Люди не расходились, словно каждый опасался, что дома, оторванный от всех, он утеряет решимость, разжалобится на плач жены, детишек. Сюда приносили сумки с сухарями, со сменой белья, здесь же проходило короткое прощание, и всем верилось, что впереди нет ничего страшного, утром все вернутся домой к уборке скотины, к завтраку с разварной картошкой, с квасом и сочно похрустывающей на зубах редькой… Отдав распоряжение запрягать лошадей, Петр вышел на улицу. Ночь была светлая. Полная луна стояла в небе высоко, и морозный круг обнимал ее огромный, в полнеба. На изгибе стежки за угол Петр столкнулся с Доней. От неожиданности Доня выронила из рук узел и с напускной строгостью сказала:
— Без тебя некогда, а ты тут под ногами вертишься…
Она сделала попытку обойти Петра, но он загородил ей дорогу. Тогда Доня, словно принимая тайный вызов, положила узел к ногам и подняла на Петра темные, с зеленоватыми искорками глаза.
— Зачем уходишь ты?
— А зачем других ты уговариваешь идти?
— Им надо. От их шага зависит судьба революции. Настает испытание.
— Для меня тоже испытание. Без Пашки дня не проживу.
— Любишь очень?
— Я и тебя любила, разве не помнишь?
— Мне и сейчас без тебя трудно жить стало, Доня.
Петр протянул вперед руку, но Доня оттолкнула ее и гордо вскинула голову. Но так было одну неуловимую секунду. Опять Доня близко заглянула в глаза Петру и сказала почти шепотом, и в этом шепоте были надежда, призыв и счастье:
— Не мешай мне. Хочу на простор вырваться. И с Пашкой, Ах, Петя, сколько радости в хорошей любо́ви! А теперь слушай, В нашей бане под печкой кирпич справа вынимается. Там старик оставил мне… Ты возьми на дело. Мне не нужны. Трудно будет, возьми. Я-то… еще неизвестно…
Петр крепко сжимал руки Дони. Они были холодны и мелко, заражающе дрожали. Он ждал, что сейчас Доня скажет такое, после чего не будет недомолвок, не будет сожалений о потерянном, — начнется полоса жизни, полная света, дерзости, озорства и счастья.

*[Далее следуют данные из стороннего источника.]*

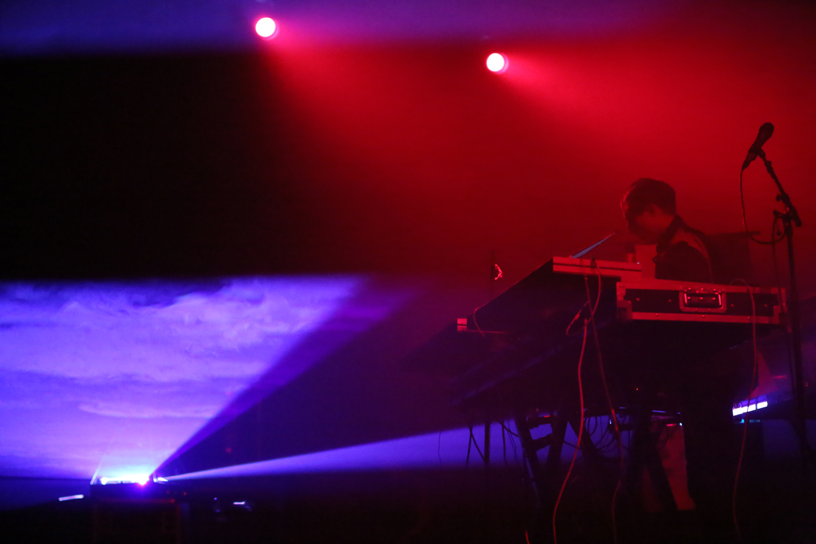 La lumière baisse, la tonalité sera rouge pendant une bonne partie du live. “Le concert a débuté… C’est le Printemps !” nous lance le facétieux compositeur. Jacques est un peu le Orlan de l’électro. Son choix capillaire peut dérouter, mais ça en fait toute sa différence.
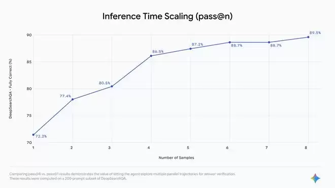 在内部评估中,谷歌发现当允许智能体执行更多搜索和推理步骤时,其性能获得显著提升。

Но она ничего не сказала больше, — порывисто обняла его и поцеловала в губы.
Девятнадцатый год зачинался в тягостях новых испытаний. Теряя территории, сужая границы, страна сжималась в судорожный кулак. Фронтам и бандам терялся счет. Пролетарские центры неустанно провожали все новые и новые отряды, шедшие на усиление Красной Армии. Деревенская беднота познавала хитрую науку партизанщины — неуловимой и верной истребительницы бесчисленного врага, училась ненавидеть смертельно недавнего хозяина.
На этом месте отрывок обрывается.